I've found that I have a weakness for botanists. Here's another: J.P. Brunker worked for the Guinness brewery and spent weekends in Co. Wicklow, studying the local flora. After 30 years of what the DIB describes as "tramping", he published his master work, The Flora of the County of Wicklow (his DIB entry omits the second "the" and the "of", but I think that may be incorrect). He also contributed to a catalogue of the flora of Co. Dublin. I'd imagined that all of this sort of work had been completed in the 18th and 19th centuries, but it's clear there was still plenty to be done in modern times. Brunker died aged 85 after being injured by a car while conducting field work. I imagine he was descended from Sir Henry Brouncker, an Elizabethan soldier in Ireland I encountered a while back but didn't write about. Sir Henry was so zealous an anti-catholic that even the English privy council told him to tone things down. I'm glad his later relatives were given to gentler pursuits.

For quite a while, we've known about the attempts of German intelligence to place spies in Ireland during the Second World War. There was quite a good miniseries about it in 1984 called Caught in a Free State, which to my recollection depicted the nazi efforts as somewhat hapless, and the attempts of certain IRA elements to engage with them - the usual my-enemy's-enemy-is-my-friend stuff - as close to comical. Hapless, or not, they were spying in a neutral country, and thanks to the Irish intelligence service, G2, headed by Col.

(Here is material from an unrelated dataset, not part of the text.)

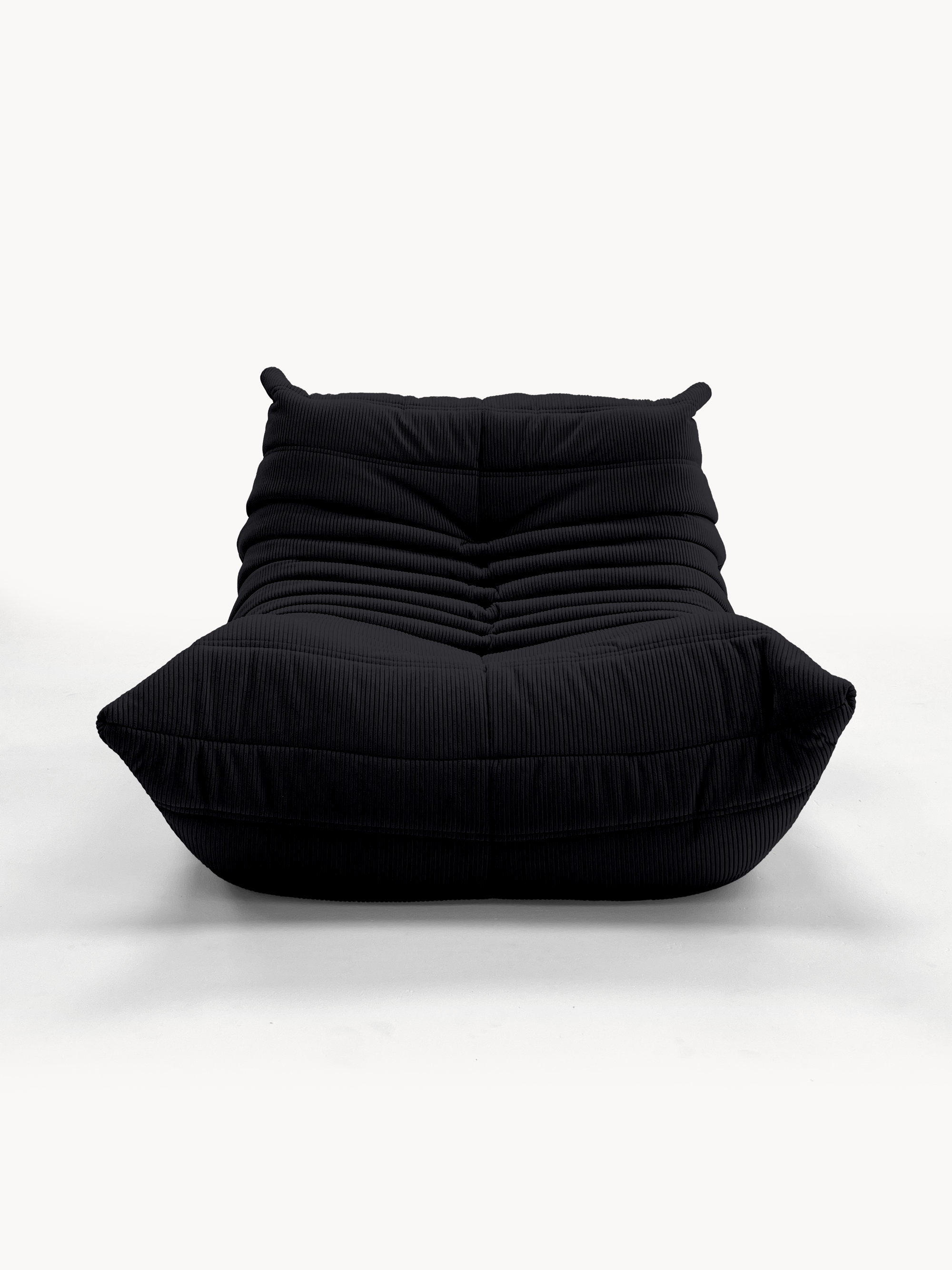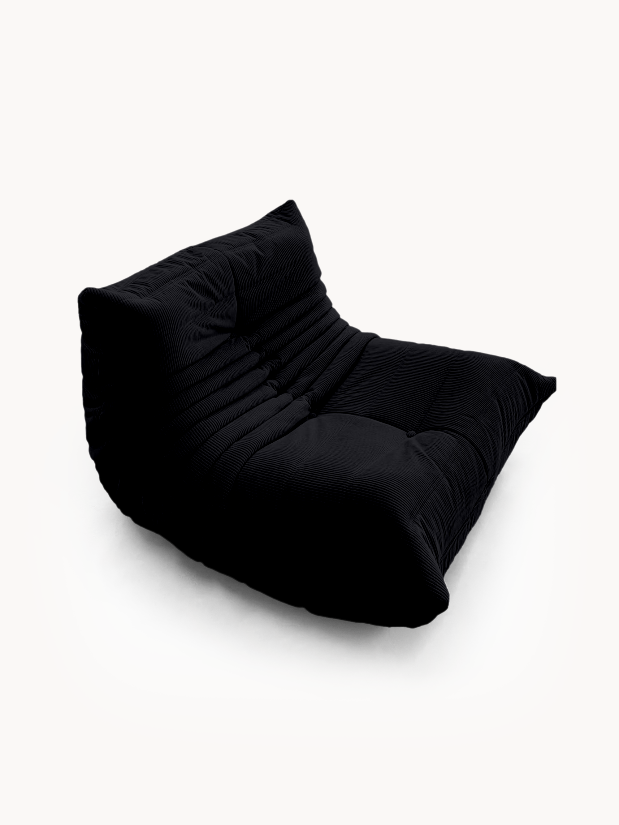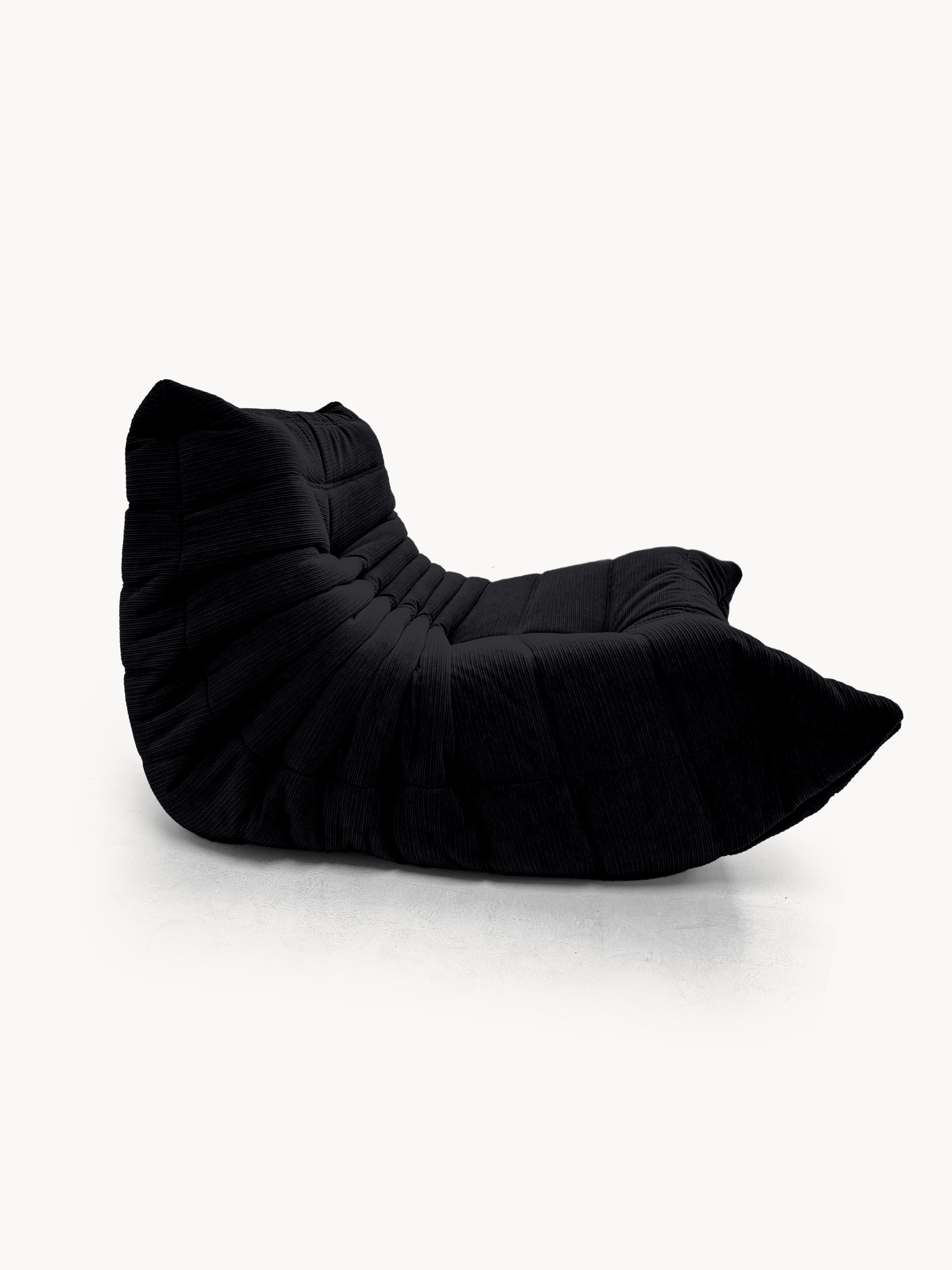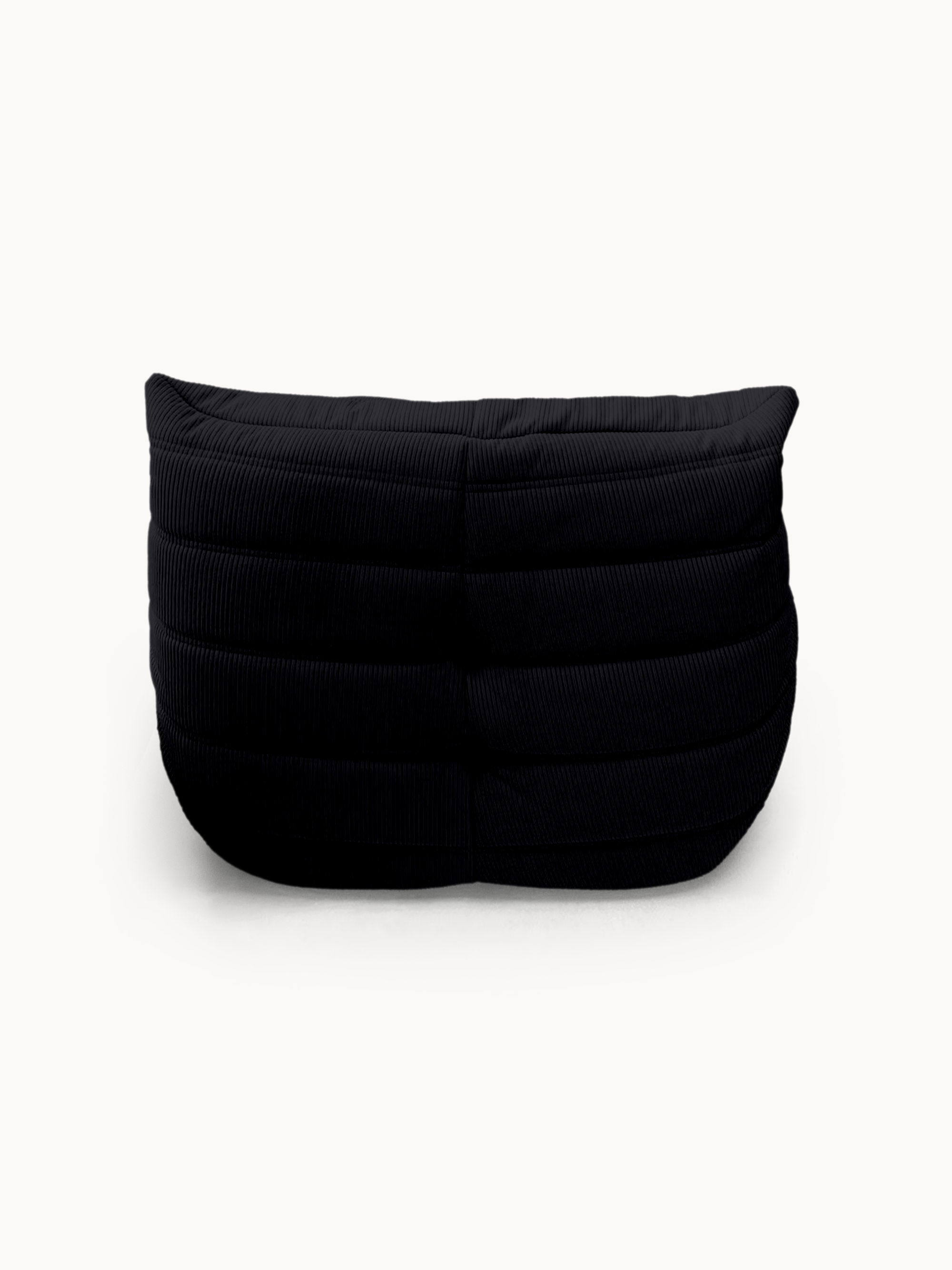 Sa silhouette basse et généreusement rembourrée épouse naturellement les formes du corps, offrant un confort profond et un maintien durable. Le velours côtelé, doux au toucher et visuellement texturé, accentue la richesse des lignes et confère à chaque nuance un éclat subtil et sophistiqué.
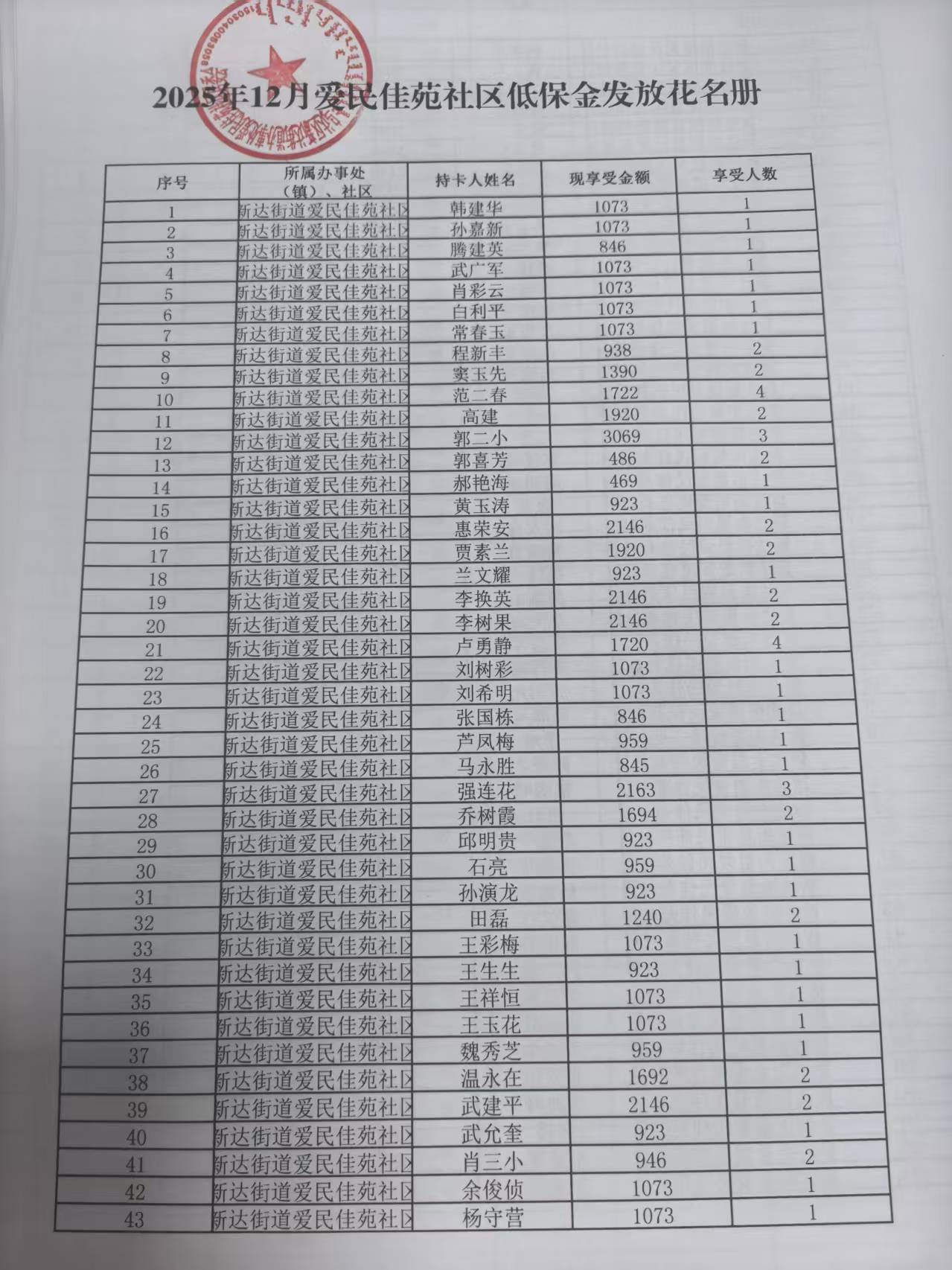 下一篇:【居务公开】2025年12月爱民佳苑社区残疾低保对象生活补贴发放花名公示

Dan Bryan, all 12 nazi spies in Ireland were identified and arrested by the end of 1943. Bryan, with the knowledge of the Irish government, cultivated close relations with British intelligence and exchanged extensive information with it: this did not prevent him from successfully recruiting an informant in the British intelligence operation in Ireland, whose activities he was able to monitor until the end of the war. One of the reasons Bryan was able to roll up the German spy ring was in part because he recruited a librarian-cryptographer, Richard Hayes, who cracked the code they were using. This success was initially withheld from Bryan by subordinates, who believed he would provide the information to MI5. When he got it, he did. Ireland's neutrality caused it serious political and diplomatic problems which the intelligence cooperation was intended to relieve. Unfortunately, even senior figures were unaware of what was happening in the secret world: I've previously written of how Irish diplomacy had to try to overcome the negative impact of the attacks on Irish policy by the wartime U.S. ambassador, David Grey. Bryan's own operation was rolled up at the end of the war, which distressed him no end.


  1. This comment has been removed by the author.

  2. R.m. Douglas describes Browne as 'the most outspokenly anti-fascist of the Irish bishops'. At a time - 1939 - when much of clerical and official Ireland had some later to be denied sympathies with the nazis, on anti-communist and anti- British grounds, Browne appears to have been staunch.